高度計の針が見る間に逆回転を始めている。 別のところを飛んでいた機体も2機、3機とわれわれの下に潜り込んで来た。 「いいぞ、いいぞ」、K教官の弾んだ声が聞こえる。 バシャッ、後席から異音がして、機内は更に静けさを増した。 「何の音ですか?」「ごめん、暑いから小窓を空けていた。」...離脱の時に感じた静かさは本物ではなかったのだ、これが本物の静かさだ。 これに比べるといつもの機体は騒音の中だ、エンジン機に乗っているにも等しい。

3,200 ft に到達し、板倉方面に向かう。 フラップをネガティブにセットして、160 km/h でかっとぶ。 姿勢があまり変らない。 音も静かなまま、そして高度もあまり変らない。 板倉に到着、失高は 500 ft、ん?そんなのありかという感じだ。 板倉付近で旋回中の板倉の ASK21 を見つけ上に入り込む。レーシングカーと教習車の勝負だ、負けられない。 腕の悪さは機体がカバーしてくれる、そう信じて回りつづける。 次第に高度差がついていく。 間もなくK教官がいう。 「ASK21 が逃げていった。」、K教官も燃えていたようだ。

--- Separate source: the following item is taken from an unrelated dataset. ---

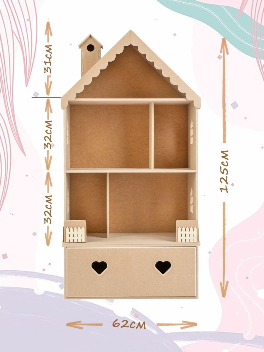 Кукольный домик деревянный с комодом Луиза для кукол до 32 см без окрашивания. интересное:
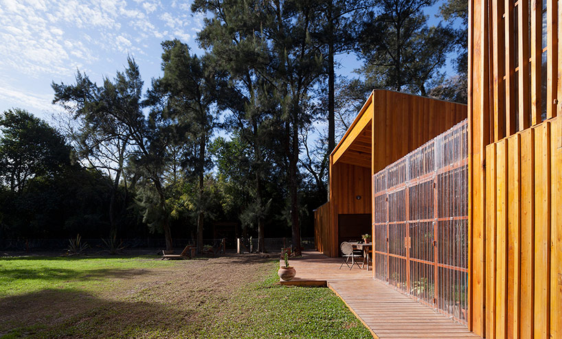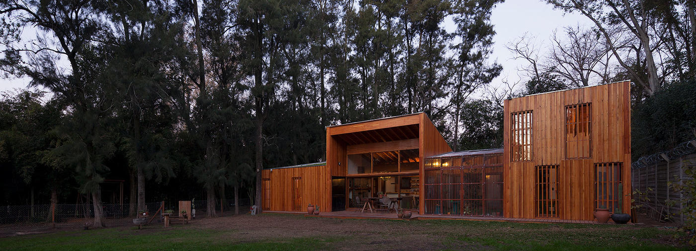 阿根廷建筑事务所IR arquitectura与我们分享的项目,是位于阿根廷布宜诺斯艾利斯(Buenos Aires)郊外托尔图吉塔斯市(Tortuguitas)的 Casa Aa节能住宅。在这个养育着孩子的家庭住宅,家里明确地划分出大人与小孩间的分隔,同时又融入树木茂盛的场地环境中,拥有进行室外活动的空间和充沛的阳光。波浪状聚碳酸酯屋顶覆盖下的半室外绿色庭院是个温室和有顶花园空间,并与位于中心位置的矩形起居空间相邻。共享的起居区和主卧拥有朝北最高的洞口,使能照射到的阳光最大化,而建筑的外部形态因此被分割成四部分。上下交替的倾斜绿色屋顶提供了一个很好的天然热绝缘体,还有助于替换建筑所占据的自然地被。

3,000 ft 程度まで戻して、今度はみかも山まで進出し、辺りを探った。 こちらはあまり日射がなく、リフトも弱いという状況だ。 板倉方向に戻り始めると板倉上空にかなり黒い雲、そしてその雲の下、我々の遥か上空でグライダーが回っているのを発見、直ちに下に潜り込む。 案の定強いリフトに遭遇、ぐんぐん上がり始める。 下には板倉のディスカスが入り込んできた。今度はF1とF3の勝負だ、負けられない。 コアに切り込んで、きつめのバンクで回る、全周5ノットの上昇率。 ぐんぐん上の機体に迫っていく。 そしてディスカスに高度差をつけていく。 これで2機撃墜だ。 上の機体をよく見れば、板倉でクラブクラスに参加している後輩のKa-6だ。 彼も頑張っているようだ。

そして間もなく雲底、4,000ft、今度は葛生まで進出する。 ドルフィンであっという間に葛生に到着する。 「そろそろ1時間だよ」、K教官が声をかける。 そうだった、この機体はタクシーメーター制だった。 「戻ります。」、180度ターンをして羽生を目指す。 190 km/h で突進、結構沈下も大きく、板倉上空で 1,700 ft、いつもの機体ならこの辺りで高度獲得を図るところだ。 「このまま行ける」、K教官の声。 普段の感覚から抜けきれない私としては、なんともムズムズするパス角だが、計算からいくと楽勝のはずだ。 190 km/h でのファイナルグライドを続ける。 普段なら見ることのない低い高度での板倉〜羽生間の風景を眺めていると、お尻がムズムズしてくる。

そうこうするうちに羽生到着、500 ft、んー、結構ぎりぎりだったな。 そう思いながら 100 km/h までプルアップすると、あれまあ、なんと高度計が逆回転を始め、なんと 300 ft もゲインしてしまったではないか。 なんてことだ、Nimbus ではエネルギー保存の法則が成立していた。 そのままダイレクトベースから着陸に入る。 フラップセット、ギヤダウン確認、声をかけながら着陸準備の手続きを行う。 軸線を慎重に合わせながら、やがて接地、地上走行も慎重に行い、間もなく停止。 58分間、私にとっては初ものづくしの、大人のグライダーの世界を知ってしまった1発だった。